Já, de cara, queremos deixar bem claro que não encaramos a adoção como um “ato de amor”, ou seja, como algum tipo de caridade, solidariedade ou com algum caráter assistencialista.

Entendemos a adoção como mais um encontro emocional, entre mulheres e homens dispostos, mais do que a qualquer coisa, de serem pais e mães. Por esse motivo, estamos aqui discutindo, antes de mais nada, o desejo profundo e verdadeiro de vivenciar a maternidade e a paternidade.

Há, neste caso, uma única diferença: a gestação aqui é emocional e, por isso, o encontro pode ser marcado assim… de repente. Pode até um dia ter data, horário, local e às vezes até ser possível conhecer as características físicas da criança antes da chegada, mas o tempo gestacional habitual de nove meses, pode ser aumentado em anos ou diminuído em dias.

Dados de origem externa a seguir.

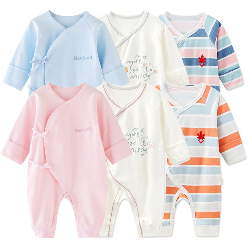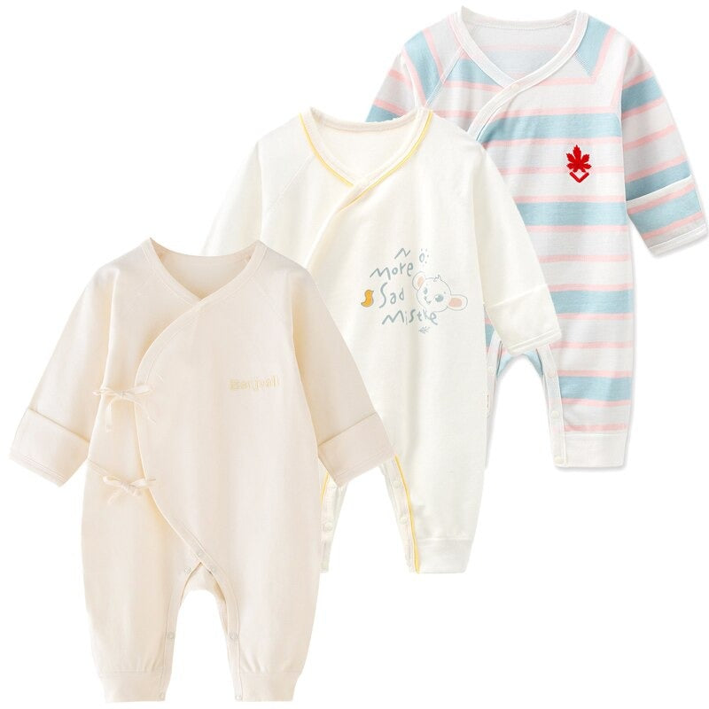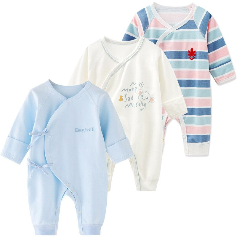 This 3Pcs Long Sleeve Romper Pajama Set is perfect for your little one. Made with soft cotton material, it is suitable for both the spring and autumn seasons. The set includes a belt closure for easy dressing and a v-neck collar for added comfort. The fun print pattern is sure to delight your baby, while the full sleeve length and regular sleeve style provide warmth and coverage.�

Independentemente do tempo físico de espera, a “gestação emocional” geralmente é sentida como infinita e carregada de fortes e intensas emoções. Na fase de espera por um telefonema ou um aviso, ter que lidar com os milhares de sonhos que já foram pensados e idealizados para aquele bebê que um dia chegará, pode ser uma tarefa nada fácil de administrar.

Algum tempo depois da chegada dessa criança, contar a “verdade” para seu filho sobre sua gestação emocional já é algo que começa a preocupar. “Será que ele vai sofrer? Será que sentirá o peso de uma ideia de rejeição? Será que vai querer conhecer esta história algum dia?”

Preocupações que qualquer pai e mãe têm, mas em medidas diferentes. Se mudarmos o foco e olharmos para nós, adultos e não para as crianças, perguntaríamos: como você se sente? Por que pode parecer tão difícil contar? O que teme? Como você entende a opção pela adoção? O que espera do seu filho? Etc..

E imerso nesse turbilhão de sentimentos, um belo dia, o telefona toca, o coração dispara e a relação nasce. O maravilhoso encontro entre pais e filhos um dia acontece. E… só ali, naquele breve instante da apresentação inicial, que separa, pela última vez, mulheres e homens de considerarem-se mães e pais para toda a vida, é que se permite que seja dito algo do tipo: “Somos os pais deste bebê, independente de onde ele tenha sido gerado!”

Entretanto, é muito comum as pessoas perguntarem à família adotiva “quem é a verdadeira mãe dele(a)?”. Mas o estranhamento por aquela pergunta faz com que, orgulhosamente, as mães possam dizer, de boca cheia: “Sou eu! Muito prazer!” e ainda esticar a mão em cumprimento.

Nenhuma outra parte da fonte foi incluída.